[Records from a collection]
━━━━━━━━━━━━━━━━

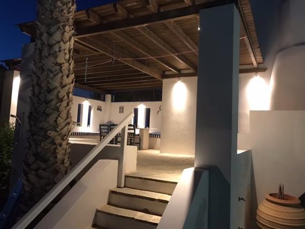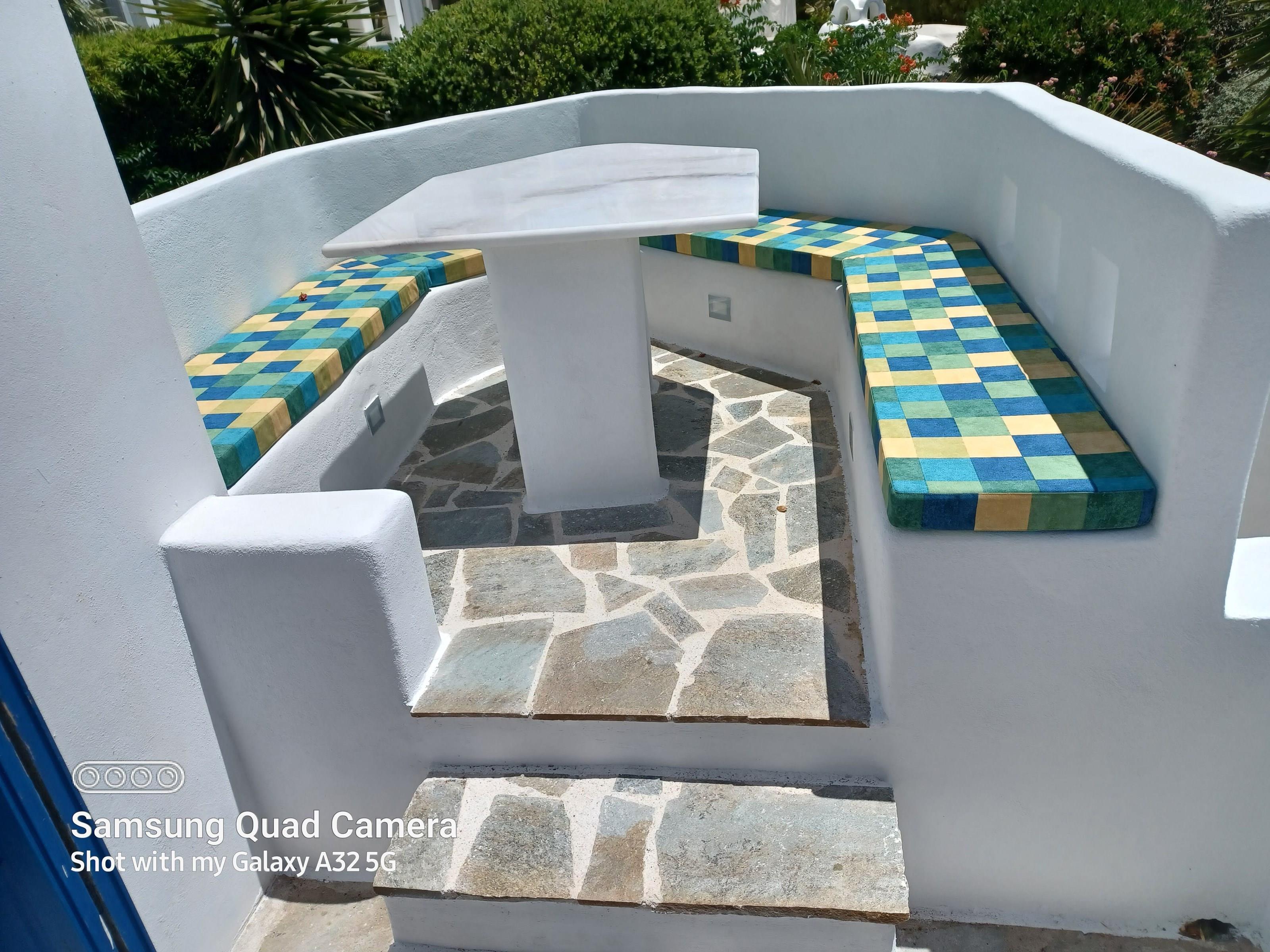 There are three terraces of different sizes and aspects with one large covered terrace , with a substantial marble table to seat 6 – 8 comfortably . By the pool there is a further fixed marble table and chairs to allow guests to enjoy a BBQ by the pool in the cool of the evening.
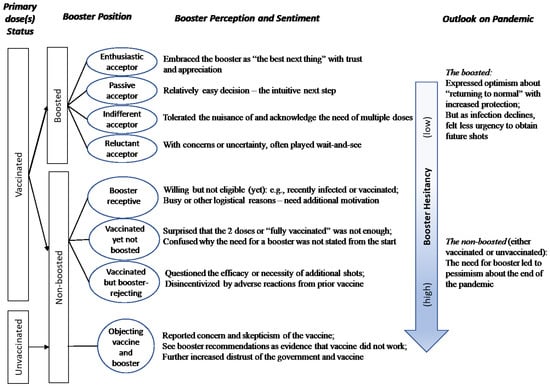 Figure 1 presents a visual depiction of the key findings grouped by participants’ vaccination status and along the continuum of low to high booster hesitancy.
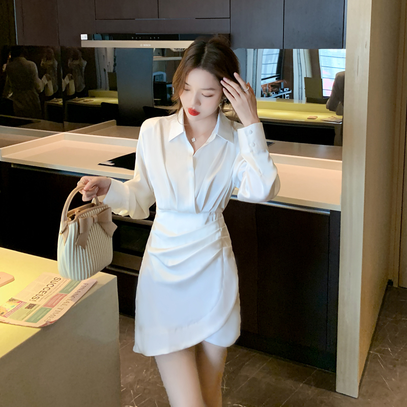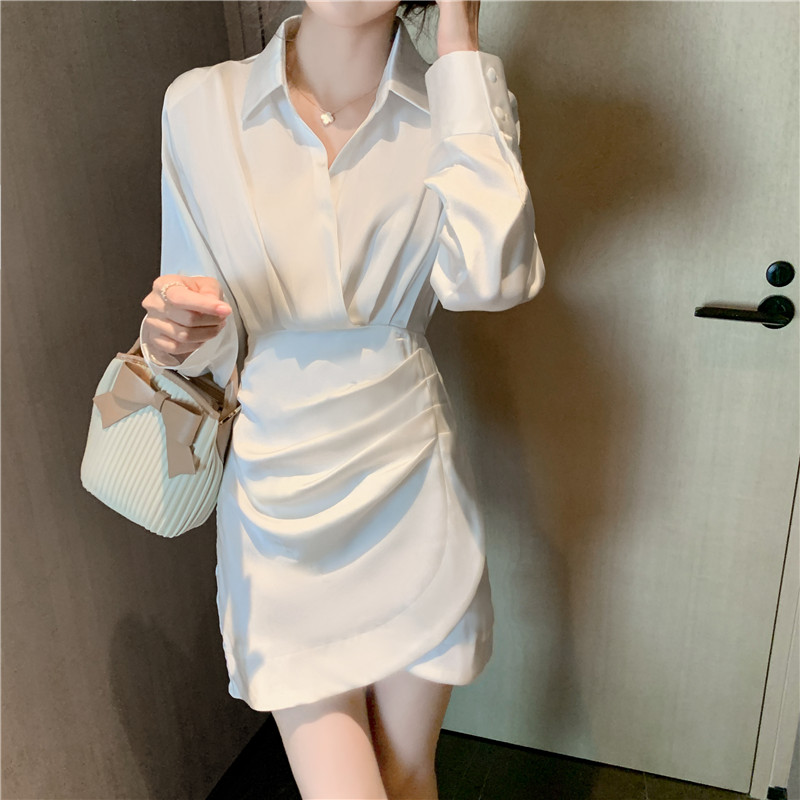 MY13942# 新款时尚高级感修身遮肉显瘦衬衫裙女气质V领连衣裙女裝貨源服裝批發
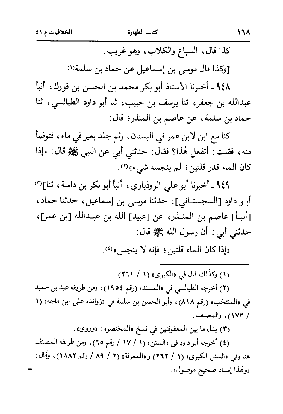 948- أخبرنا الأستاذ أبو بكر محمد بن الحسن بن فورك، أنبأ عبد الله بن جعفر، ثنا يوسف بن حبيب، ثنا أبو داود الطيالسي، ثنا حماد بن سلمة، عن عاصم بن المنذر؛ قال:
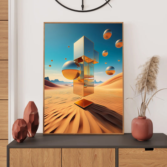 Surreal Desert Landscape Wall Art Print – Digital Download PDF | Floating Geometric Shapes Poster

━━━━━━━━━━━━━━━━

Brief:
Each record above is to be copied out exactly; its pictures are not.

Result of this task:
 There are three terraces of different sizes and aspects with one large covered terrace , with a substantial marble table to seat 6 – 8 comfortably . By the pool there is a further fixed marble table and chairs to allow guests to enjoy a BBQ by the pool in the cool of the evening.
 Figure 1 presents a visual depiction of the key findings grouped by participants’ vaccination status and along the continuum of low to high booster hesitancy.
 MY13942# 新款时尚高级感修身遮肉显瘦衬衫裙女气质V领连衣裙女裝貨源服裝批發
 948- أخبرنا الأستاذ أبو بكر محمد بن الحسن بن فورك، أنبأ عبد الله بن جعفر، ثنا يوسف بن حبيب، ثنا أبو داود الطيالسي، ثنا حماد بن سلمة، عن عاصم بن المنذر؛ قال:
 Surreal Desert Landscape Wall Art Print – Digital Download PDF | Floating Geometric Shapes Poster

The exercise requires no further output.